WHAT TO WORK ON
Copy without pictures. Please restate each line of the listing exactly.

GIVEN INFORMATION
* * * * * * *
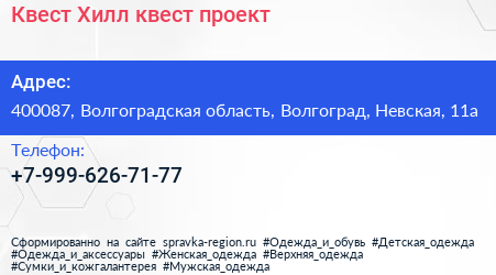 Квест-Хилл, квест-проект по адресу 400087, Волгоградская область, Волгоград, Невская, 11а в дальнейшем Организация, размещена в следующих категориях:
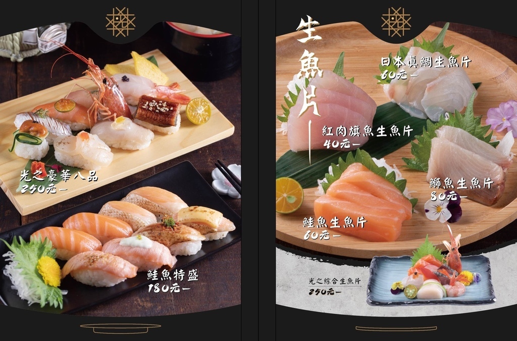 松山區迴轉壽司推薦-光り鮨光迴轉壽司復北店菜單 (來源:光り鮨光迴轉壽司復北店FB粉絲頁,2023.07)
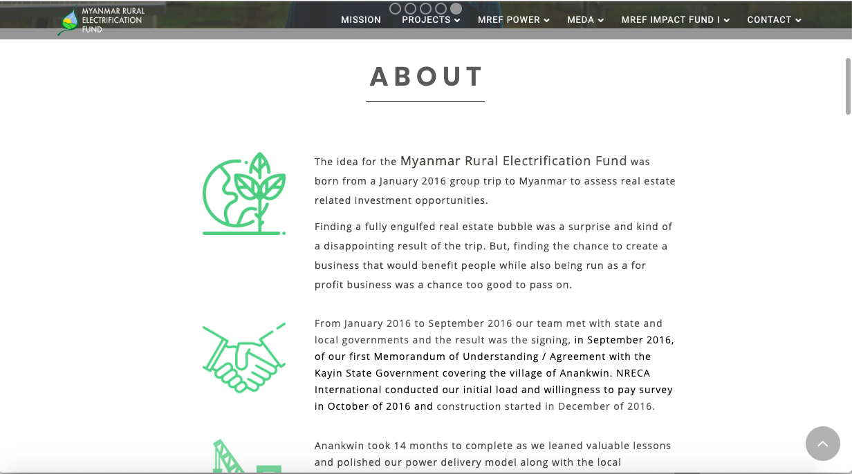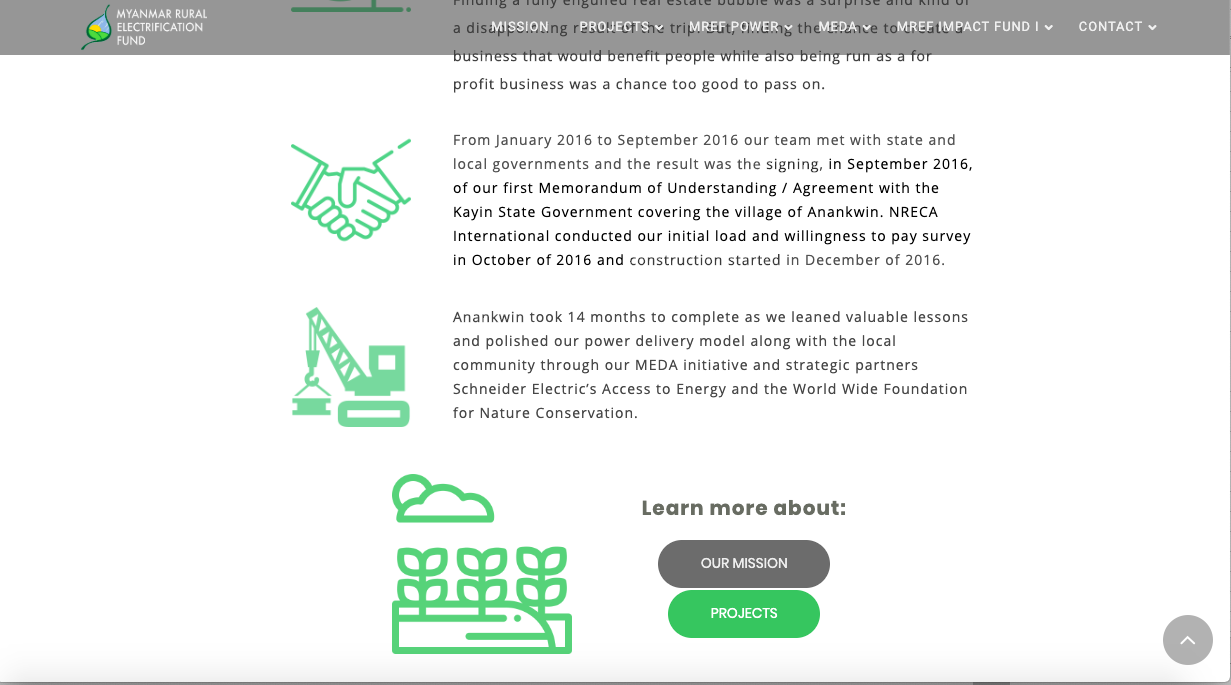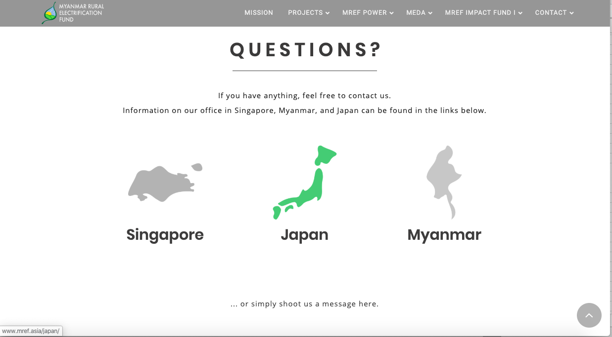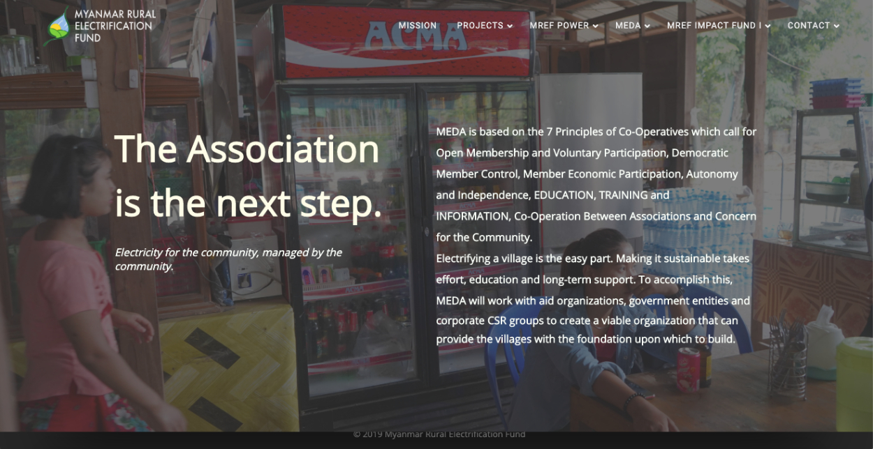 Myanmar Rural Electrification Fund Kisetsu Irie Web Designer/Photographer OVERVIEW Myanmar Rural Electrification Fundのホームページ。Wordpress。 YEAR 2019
* * * * * * *
TASK SOLUTION
 Квест-Хилл, квест-проект по адресу 400087, Волгоградская область, Волгоград, Невская, 11а в дальнейшем Организация, размещена в следующих категориях:
 松山區迴轉壽司推薦-光り鮨光迴轉壽司復北店菜單 (來源:光り鮨光迴轉壽司復北店FB粉絲頁,2023.07)
 Myanmar Rural Electrification Fund Kisetsu Irie Web Designer/Photographer OVERVIEW Myanmar Rural Electrification Fundのホームページ。Wordpress。 YEAR 2019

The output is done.